Rationalist Seder: A Story of War

For whatever reason, the rationality community is inordinately Jewish. Among other things, this resulted in 2011 in people in New York putting together “Rationalist Seder”, a reframing of the story of Jewish Liberation From Egypt to reflect upon liberation in general. What does it mean to be free? What are the many things we might want to be free from?

As a non-Jewish person, it took me a few years to really wrap my head around the holiday, but it’s evolved into one of the more poignant moments throughout my year.

The holiday was begun by Zvi Mowshowitz, and has been modified by various people in different geographic corners. In NYC, for the past few years it’s been refined and tweaked by Daniel Speyer, who’s aimed to invoke a strong sense of history that feels purposeful, connected to the original story, uniquely “rationalist”, and feels very much like a holiday in the ancient, venerable and valuable sense.

The complete text of Dan’s most recent iteration is here. It contains a mix of retellings of traditional Jewish stories, abridged essays from around the rationalsphere, and a few original pieces. It has a lot of nice gems that I’d like to be able to refer to more easily, but they make the most sense in context with each other.

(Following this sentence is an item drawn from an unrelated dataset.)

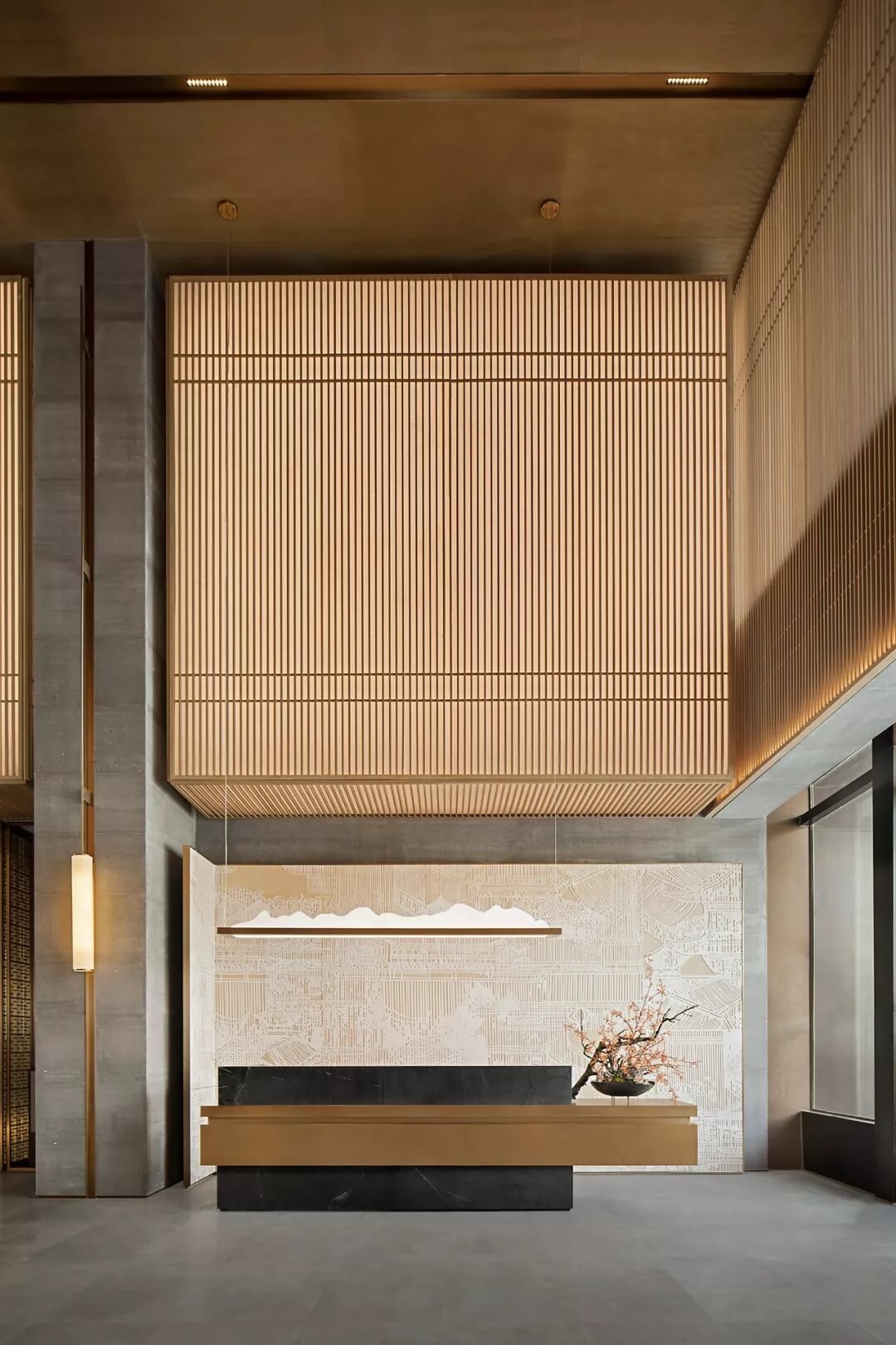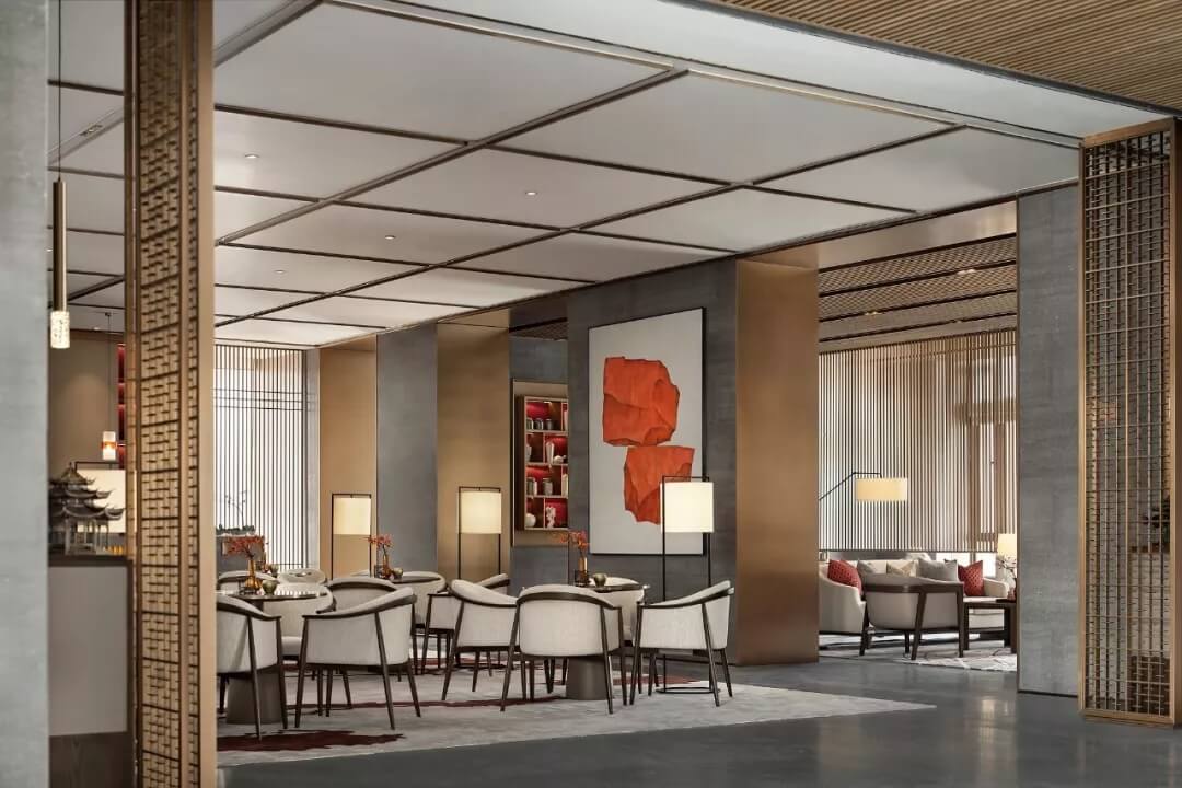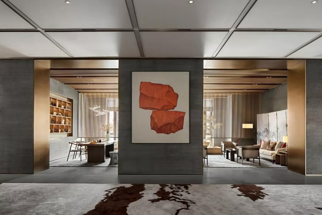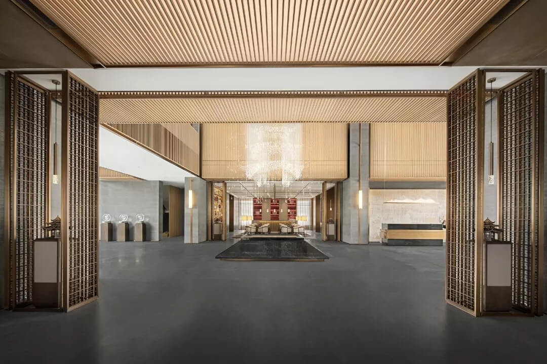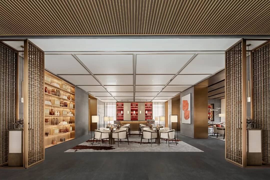 踏入第一重空間的迎賓前廳,大堂挑空高7.7米,氣勢恢宏。“甲第者以禮為官也,不學禮,無以立。”為此,迎賓區(qū)的設(shè)計干練簡潔,以飽含的禮儀序列拉開整個空間的序幕。

But one particular new story stands alone, and establishes the frame around which the Rationalist Seder is told:

(Image from the wikimedia foundation, credit to Thomas Forester)

A Story of War

Two tribes live next to each other. Each fears the other will attack, and so builds weapons to hold in readiness. And then, seeing that the other has built weapons, builds more weapons. Their clothes are threadbare. Their children are hungry. But still they spend their time making weapons, lest the other tribe build more. They would prefer to live in peace, and make no weapons, but whichever tribe adopted that policy first would surely be killed.

Are these tribes free? There is no pharoah putting the whip to their backs, but still they do not live as they choose.

In the next valley, there are two more tribes. They distrust each other as much as the first two, but they are ruled by a powerful empire. The empire forbids tribes to fight each other, and enforces that rule with unstoppable legions. And so these two tribes have the peace and prosperity that the first two tribes wanted.

And in the valley beyond that, there are two more tribes, who only think they are ruled by a powerful empire. The empire has long since collapsed, but they still believe that if they fight, the empire will come and punish them. And so they don’t fight. And by the most naive interpretation of counterfactuals, their belief is true. And they too, live in peace and prosperity.

That is the power of a story.

They also pay taxes to the empire, by floating valuable timber down a river from which no one will collect it. That too, is the power of a story.

And in a farther, more distant valley are two tribes who really understand timeless decision theory. They should publish a paper or something.